Não consigo me locomover de um ponto A até o B sem que alguém, no meio do trajeto, me puxe pelo braço perguntando o que achei do filme "Pobres Criaturas", de Yorgos Lanthimos.
Imagino que minha obsessão por personagens femininas tenham me transformado numa espécie de ímã para a tortuosa pergunta: afinal, o filme é ou não feminista?!
Protagonizado pela personagem Bella Baxter, interpretada por Emma Stone, "Pobres Criaturas" vem atraindo multidões aos cinemas e, com a fúria de um cajado de Moisés, separa o público em
dois grupos heterogêneos.
O primeiro rotula o filme como uma fantasia masculina, quiçá pedófila, que objetifica a protagonista; e o segundo o celebra como uma libertadora fábula sobre o prazer feminino.
Atenção: spoilers adiante. "Pobres Criaturas" é a saga de uma Frankenstein de mangas bufantes. Um experimento de um cientista excêntrico a partir do corpo de uma grávida com morte cerebral, trazida de volta à vida por meio de um transplante —sendo o doador do cérebro ninguém menos do que o bebê que ela esperava. Ou seja, Bella Baxter é mãe e filha, mulher e menina, ao mesmo tempo.
É a partir desta bizarra configuração, somada à jornada de autodescobrimento associada ao sexo da protagonista, que se desenrolam as acusações de que o filme contribui à cultura da pedofilia.

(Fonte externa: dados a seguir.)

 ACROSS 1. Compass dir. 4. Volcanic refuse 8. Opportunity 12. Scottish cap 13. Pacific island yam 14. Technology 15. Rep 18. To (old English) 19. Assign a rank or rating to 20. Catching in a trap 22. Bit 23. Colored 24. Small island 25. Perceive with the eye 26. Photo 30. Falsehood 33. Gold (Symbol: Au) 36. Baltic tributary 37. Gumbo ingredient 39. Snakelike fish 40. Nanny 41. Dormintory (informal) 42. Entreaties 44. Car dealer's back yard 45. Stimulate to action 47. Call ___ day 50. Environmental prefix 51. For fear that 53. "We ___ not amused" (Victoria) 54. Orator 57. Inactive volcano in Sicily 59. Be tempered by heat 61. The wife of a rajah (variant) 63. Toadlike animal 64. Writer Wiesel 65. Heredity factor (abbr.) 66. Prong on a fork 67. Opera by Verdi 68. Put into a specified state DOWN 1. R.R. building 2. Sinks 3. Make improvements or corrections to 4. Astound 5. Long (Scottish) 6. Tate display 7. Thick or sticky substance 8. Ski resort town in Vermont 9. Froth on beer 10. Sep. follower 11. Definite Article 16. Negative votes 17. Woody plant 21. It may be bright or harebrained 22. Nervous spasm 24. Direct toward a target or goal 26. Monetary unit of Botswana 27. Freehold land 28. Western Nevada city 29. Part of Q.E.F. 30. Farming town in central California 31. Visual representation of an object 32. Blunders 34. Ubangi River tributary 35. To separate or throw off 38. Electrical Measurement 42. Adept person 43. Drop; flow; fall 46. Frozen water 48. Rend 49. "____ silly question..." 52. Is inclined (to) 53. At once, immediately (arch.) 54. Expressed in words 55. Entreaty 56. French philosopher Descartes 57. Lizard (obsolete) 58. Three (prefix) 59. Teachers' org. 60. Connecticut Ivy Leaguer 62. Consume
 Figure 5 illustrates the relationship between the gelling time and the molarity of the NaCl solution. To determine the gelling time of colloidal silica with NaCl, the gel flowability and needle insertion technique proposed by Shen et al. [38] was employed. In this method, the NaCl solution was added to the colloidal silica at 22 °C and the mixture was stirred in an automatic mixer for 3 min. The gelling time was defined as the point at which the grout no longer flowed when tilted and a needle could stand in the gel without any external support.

Mas Bella Baxter me parece ser exatamente o contrário do ideal feminino perpetuado pela cultura da pedofilia, que é um corpo de menina com (suposta) mentalidade de mulher. Daí a velha e doentia justificativa: "mas ela é muito madura para a idade dela".
A protagonista, por sua vez, tem corpo de mulher e mente de criança. Pedófilos não estão interessados em cérebros. O que define a pedofilia é a atração sexual por crianças impúberes, o que definitivamente não é o caso de Bella —cujo corpo já gerou uma criança.
"Ah, mas ela é uma criança". É e não é. Ela é as duas coisas e nenhuma. A mulher não é só corpo. E não é só mente. Nunca é possível separá-los, ou hierarquizá-los —ainda que a gente insista em fazer isso,
achando que cabe à mente controlar os instintos do corpo.
A sabedoria do corpo feminino não é subestimada pelo roteiro, o que é um avanço. Não acredito que o filme incentive a pedofilia, mas se o conjunto da obra é feminista ou não, isso fica para a semana que vem.